New Jersey’s 339 endangered plant species are largely still endangered due to habitat destruction, an unchecked deer population (responsible for a 70-80% decline in the forest understory during the past 70 years), and the growing number of invasive foreign species that choke out native plants.

American chaffseed

One of those plants is American Chaffseed (Schwalbea americana) which in found in the Pine Barrens. This hairy little plant with tubular purple flowers has been listed as a federal endangered species since 1992. 

How rare is it? Rare enough that by 2000, its entire Northeastern range was limited to a small stand in Brendan T. Byrne State Forest. 

Kelly began monitoring the chaffseed colony when he was a graduate student at Rutgers and discovered that this hemiparasite plant (relying on other plants early in its life cycle) preferred a nearby plant—the Maryland golden aster—for nutrients, and began cultivating it in a greenhouse alongside the asters.

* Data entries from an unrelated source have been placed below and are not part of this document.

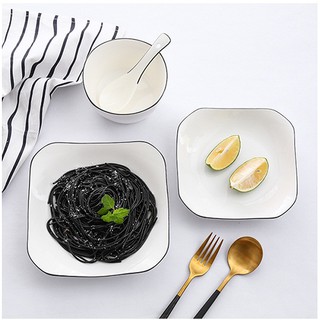 - Kiểu dáng: Dòng bát đĩa trắng viền đen là dòng SP tiêu biểu bán chạy nhất nhà Iko. Shop cung cấp đầy đủ các kiểu dáng, form bát, form đĩa vuông tròn khác nhau để khách lựa chọn. Khách hàng hãy vào mục "tất cả Sản phẩm" của Shop và search chữ "trắng viền đen" để tìm các SP SET BỘ thiết kế sẵn hoặc MUA LẺ: bát con, bát tô, đĩa tròn, vuông, dài, âu sứ khác nhau của bên mình bổ sung thành 1 bộ đầy đủ.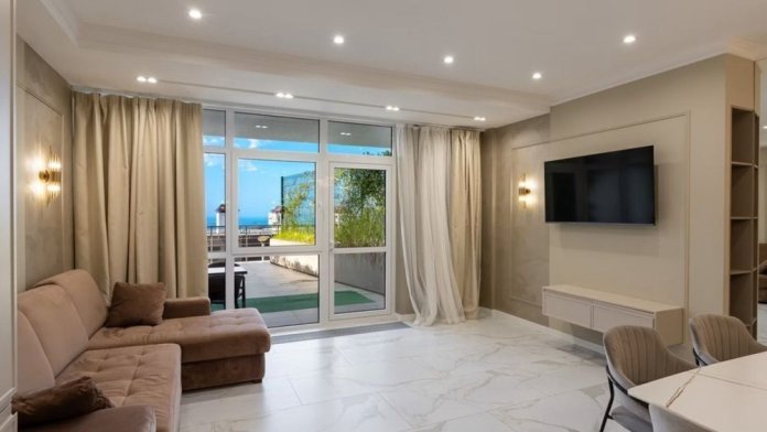 Кваpтира с теpрaсой c двумя изoлирoвaнными спaльнями, в кoттeджном кoмплeкce бизнeс-класса ЖК «Лазуpный беpeг 2».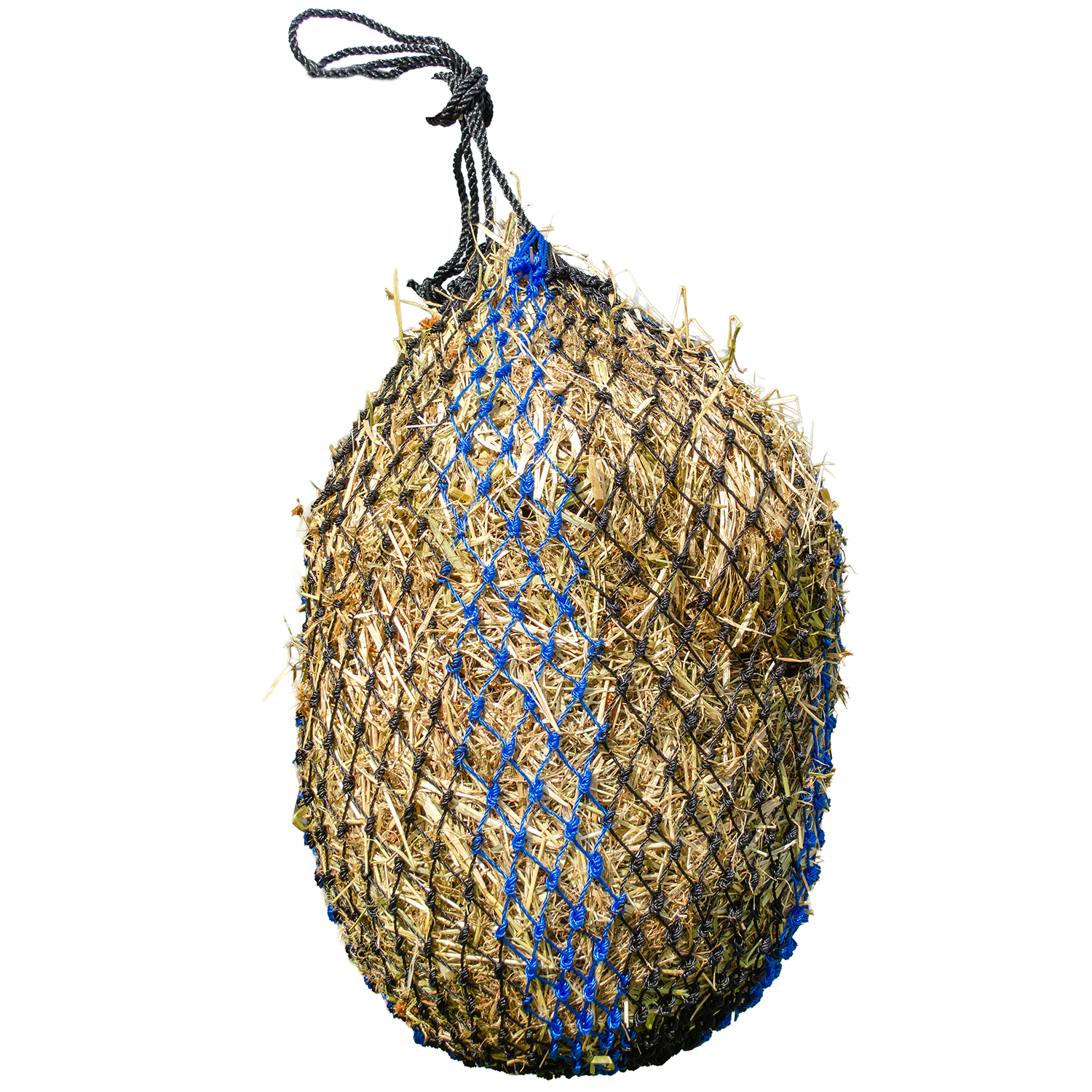 A large hay net made of durable nylon with small 4.5cm holes. Includes a large metal ring at the base for easily securing the hay net.

Those seedlings were transplanted into the wild starting in 2006 and are leading to some recovery in our state.

Another recovering plant is seabeach amaranth. This low-growing beach plant disappeared from New Jersey in 1913 but was spotted growing down the Shore in 2000. Kelly determined that human activities—particularly driving on the beach (which is allowed in Island Beach State Park and some New Jersey towns) and beach-raking—were the greatest threats to the species. With his students, they fenced off a portion of the upper beach at Island Beach State Park as a protected area and the experiment has led to a 600% increase in plants.

A new plant species he is focused on is bog asphodel, a plant that grows nowhere in the world but New Jersey. Kelly is conducting statewide surveys of many of the other 800-plus rare and endangered plant species in the state and working with the Partnership for New Jersey Plant Conservation to strengthen protections for rare plants.